Steps that throw are retried automatically:
await step.run({ name: "call-api" }, async () => {
  const response = await fetch("https://api.example.com/data");

  if (!response.ok) {
    // Throwing here triggers a retry
    throw new Error(`API error: ${response.status}`);
  }

  return await response.json();
});

Step Retry Policy

Each step can define its own retry policy. If omitted, steps use these defaults:
FieldDefaultDescription
initialInterval"1s"Delay before the first retry
backoffCoefficient2Multiplier applied to each subsequent retry delay
maximumInterval"100s"Upper bound for retry delay
maximumAttempts10Total attempts including the initial one (0 = unlimited)
With these defaults, retry delays look like this:
AttemptDelay
1Immediate
2~1s
3~2s
4~4s
5~8s
Override the defaults per step:
await step.run(
  {
    name: "call-api",
    retryPolicy: {
      initialInterval: "500ms",
      backoffCoefficient: 2,
      maximumInterval: "30s",
      maximumAttempts: 5,
    },
  },
  async () => {
    // step logic
  },
);
Retries also stop early if the workflow has a deadlineAt and the next retry would exceed it.

Workflow Retries

Errors thrown outside of step.run(...) are workflow-level failures. Workflow-level failures are not retried by default — the workflow is marked as failed. To enable workflow-level retries, set a retryPolicy on the workflow spec:
import { defineWorkflow } from "openworkflow";

defineWorkflow(
  {
    name: "charge-customer",
    retryPolicy: {
      initialInterval: "500ms",
      backoffCoefficient: 2,
      maximumInterval: "30s",
      maximumAttempts: 5,
    },
  },
  async ({ step }) => {
    // workflow implementation
  },
);
Step retries and workflow retries are independent. Step failures use the step’s own retry policy. The workflow retry policy only applies to errors thrown outside steps.

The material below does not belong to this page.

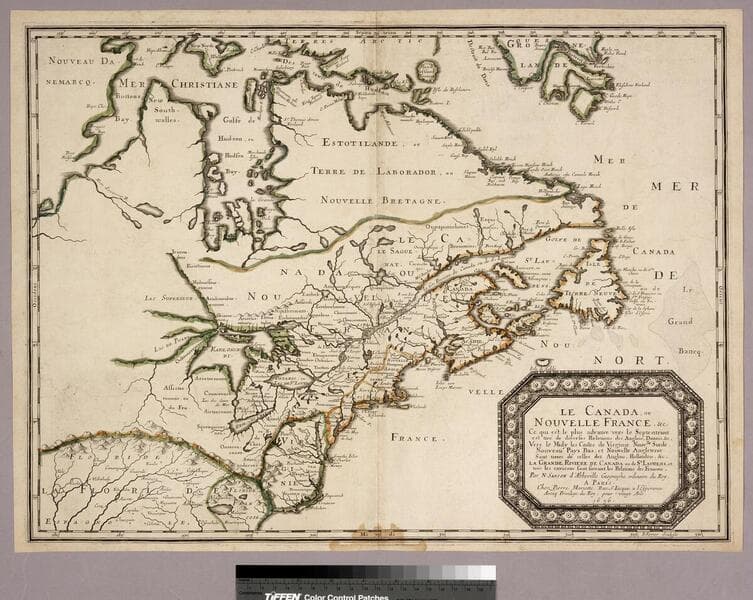 A map based on information from Samuel de Champlain and other explorers plus the imagination of the mapmaker. The Arctic Ocean connect directly with Hudson's Bay and is only a short distance above Lake Huron. Sales sticker attached under mat. "ou sont La Nouvelle France Le Nouvelle Angleterre La Nouvelle Holande La Nouvelle Svede La Virginie &c. Avec le Nations voisines et autres Terres Nouuellement decouvertes Sunant les Memoires de P. du Val, Geographe du Roy" Relief: pictorial. Graphic Scale: Leagues. Projection: Cylindrical. Watermark: Circular with grapes. Printing Process: Copper engraving. Verso Text: MS notes: 1527 15 28 1500462926 A-61.

Missing Workflow Definitions

If a worker claims a run but doesn’t have the matching workflow registered, it reschedules the run with exponential backoff (starting at 5s, capped at 5min). This keeps the run alive during rolling deploys or multi-worker setups where the right worker hasn’t started yet. Once a worker with the correct definition comes online, it claims the run and executes normally.

What Triggers a Retry

Retries happen when:
  • A step function throws an error or returns a rejected promise
  • A worker crashes during step execution (the step is re-executed on recovery)
Retries do not happen for:
  • Completed steps (cached results are returned)
  • Explicitly canceled workflows
  • Workflow-level errors (unless a workflow retryPolicy is configured)

Error Handling

You can catch step errors inside a workflow to run fallback logic:
defineWorkflow({ name: "with-error-handling" }, async ({ input, step }) => {
  try {
    await step.run({ name: "risky-operation" }, async () => {
      await externalApi.call();
    });
  } catch (error) {
    await step.run({ name: "fallback" }, async () => {
      await fallbackApi.call();
    });
  }
});
When you catch an error the workflow continues normally. The step is still recorded as failed, but no retry is triggered.

Terminal Failures

A workflow is permanently marked failed when step retries are exhausted (maximumAttempts reached), deadlineAt expires, or the run exceeds the step attempt cap. Once terminal, no more automatic retries occur. You can inspect and manually retry failed workflows from the dashboard.